Johnson followed his four wickets on the first day with an enterprising knock of 73 with six boundaries after Sri Lanka claimed three wickets for just four runs before tea.
Michael Clarke earlier brought up his 22nd Test century and first at the Melbourne Cricket Ground after becoming Australia's highest-ever run scorer in a calendar year.
Clarke reached his batting milestone when he got to 56 shortly before lunch. His total for the year is now 1,595, eclipsing recently retired Ricky Ponting's previous record of 1,544 in 2005.

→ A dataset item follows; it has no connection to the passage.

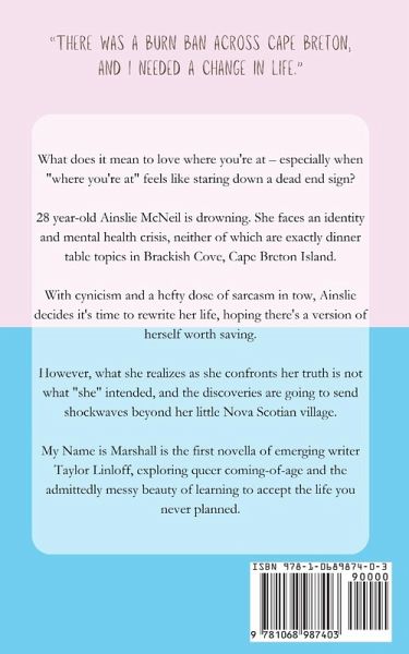 What does it mean to love where you're at - especially when "where you're at" feels like staring down a dead end sign? 28 year-old Ainslie McNeil is drowning. She faces an identity and mental health crisis, neither of which are exactly dinner table topics in Brackish Cove, Cape Breton Island. With cynicism and a hefty dose of sarcasm in tow, Ainslie decides it's time to rewrite her life, hoping there's a version of herself worth saving. However, realization hits as truths are confronted, and all is not what "she" intended, and the discoveries are going to send shockwaves beyond her little Nova Scotian village. My Name is Marshall is the first novella of emerging writer Taylor Linloff, exploring queer coming-of-age and the admittedly messy beauty of learning to accept the life you never planned.
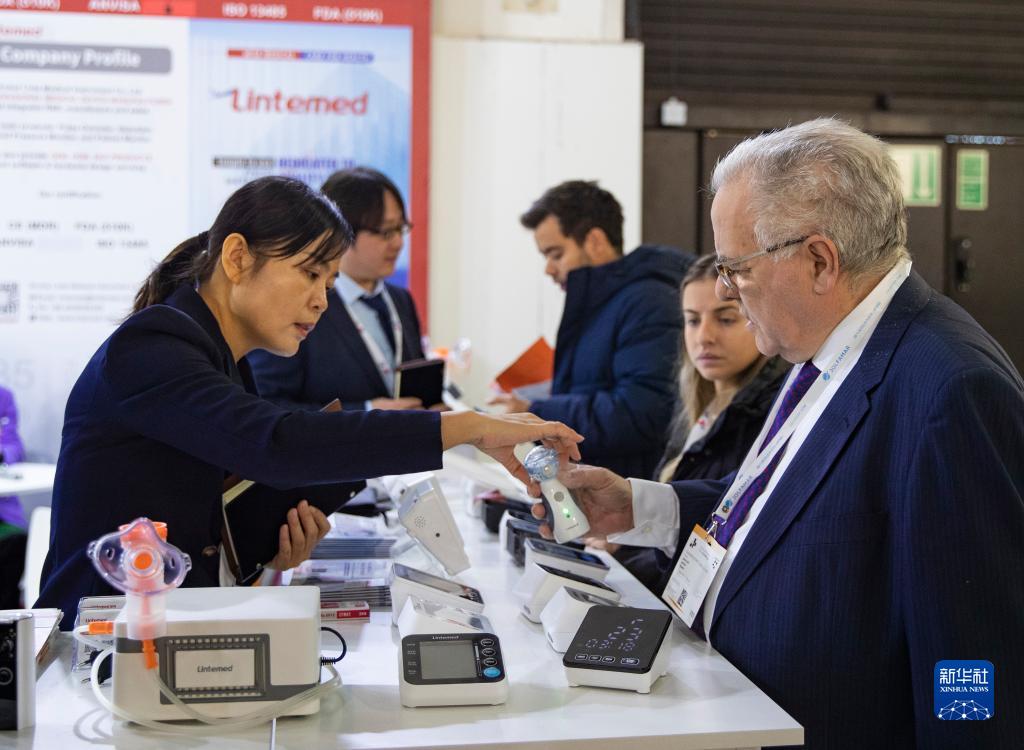 11月13日,在德國杜塞爾多夫國際醫療器械設備展,參觀(guān)者在凌特公司展位咨詢(xún)洽談。新華社記者 張帆 攝

"To me, Ricky Ponting is one of the all-time greatest players Australia's ever had, so to beat Ricky at something is a fantastic achievement, so I'm very proud," Clarke said.

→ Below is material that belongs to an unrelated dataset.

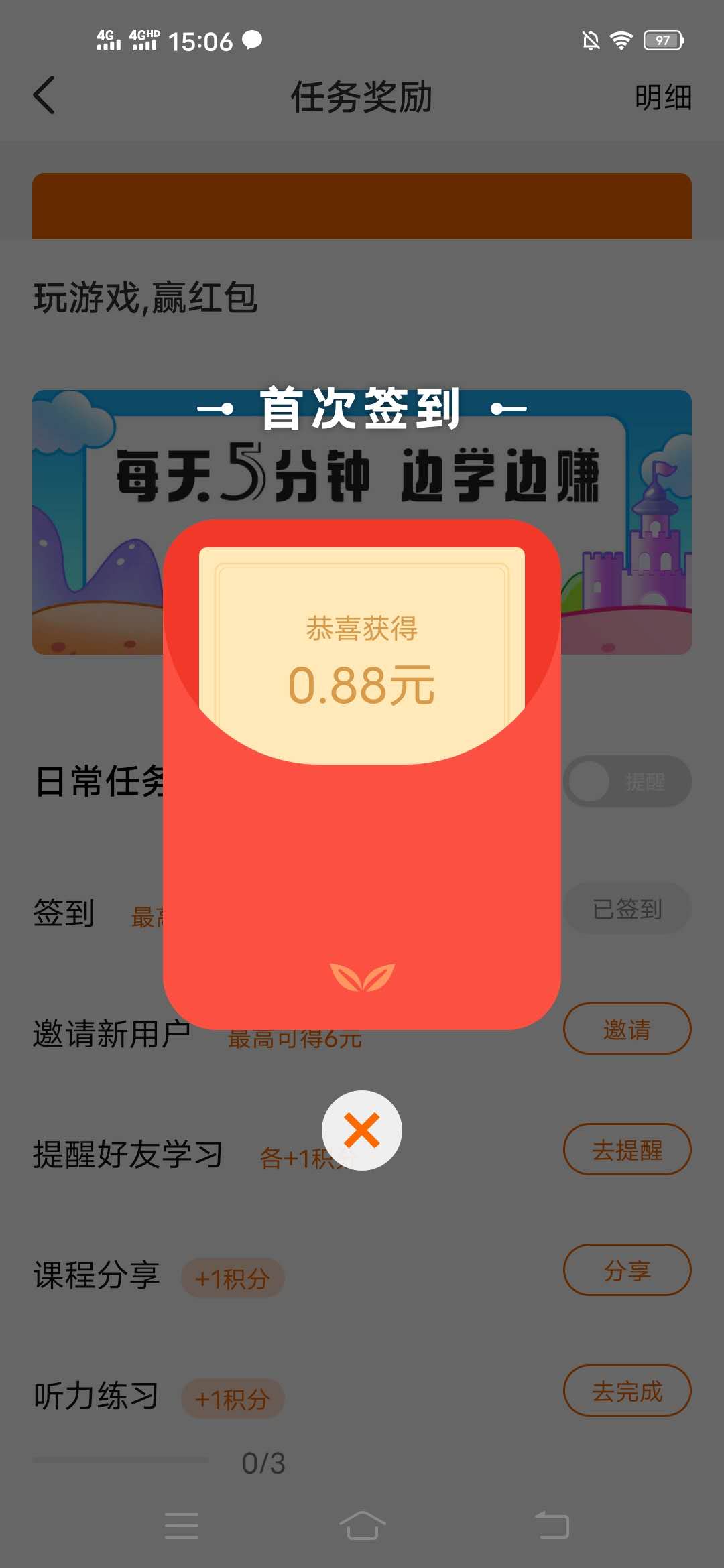 郎果英语APP简单签到薅0.88元微信现金红包

"It's always nice to make runs and even nicer to make a century for Australia and put us in a pretty good position," Clarke said.
"I thought the boys played really well today - Shane Watson was outstanding, Mitchell Johnson was really good at the back end of the day."

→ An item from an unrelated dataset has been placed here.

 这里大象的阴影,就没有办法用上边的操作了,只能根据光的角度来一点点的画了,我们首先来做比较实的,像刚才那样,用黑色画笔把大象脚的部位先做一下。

Clarke and Watson shared a 194-run partnership until the Australia captain edged a Shaminda Eranga (2-106) delivery with the new ball to Mahela Jayawardene at third slip for 106.
Watson fell for 83 in the next over when he hooked a lofted shot off Dhammika Prasad (3-102) to the waiting hands of Thilan Samaraweera at deep square leg.
Matthew Wade added just one run before becoming Prasad's third victim of the Test, caught by Eranga (2-106).
David Hussey made 34 in a 61-run, seventh-wicket stand with Johnson before falling to a superb one-handed, diving catch by Rangana Herath at the boundary off a Tillakaratne Dilshan (1-38) ball.
Johnson and Peter Siddle (13) put on a 58-run partnership for the eighth wicket until Siddle fell just before stumps.
Sri Lanka are likely to start their second innings at least 300 runs behind Australia, and Sri Lanka batting coach Marvan Atapattu said he expects the line-up to show significantly more discipline than in their 156-run first innings effort.
"We've got the capability, we've got the batsmen who are capable enough to make big scores and get us some good partnerships going," Atapattu said. "Hopefully, they will put it right in the next innings they bat."
After resuming on the overnight score of 150-3, Clarke made a watchful start before loosening his strokes against a tame Sri Lankan attack. He timed 14 boundaries, showing little sign of the hamstring strain sustained in the first Test at Hobart.
One of Clarke's fours came courtesy of an error when Eranga fielded a straight drive off his own delivery only to beat Kumar Sangakkara behind the wicket with a return that carried to the boundary.
Sri Lanka's injury woes worsened on the second morning when paceman Chanaka Welegedara pulled up while running in to bowl to Clarke and limped from the field. He left the grounds for scans on his hamstring.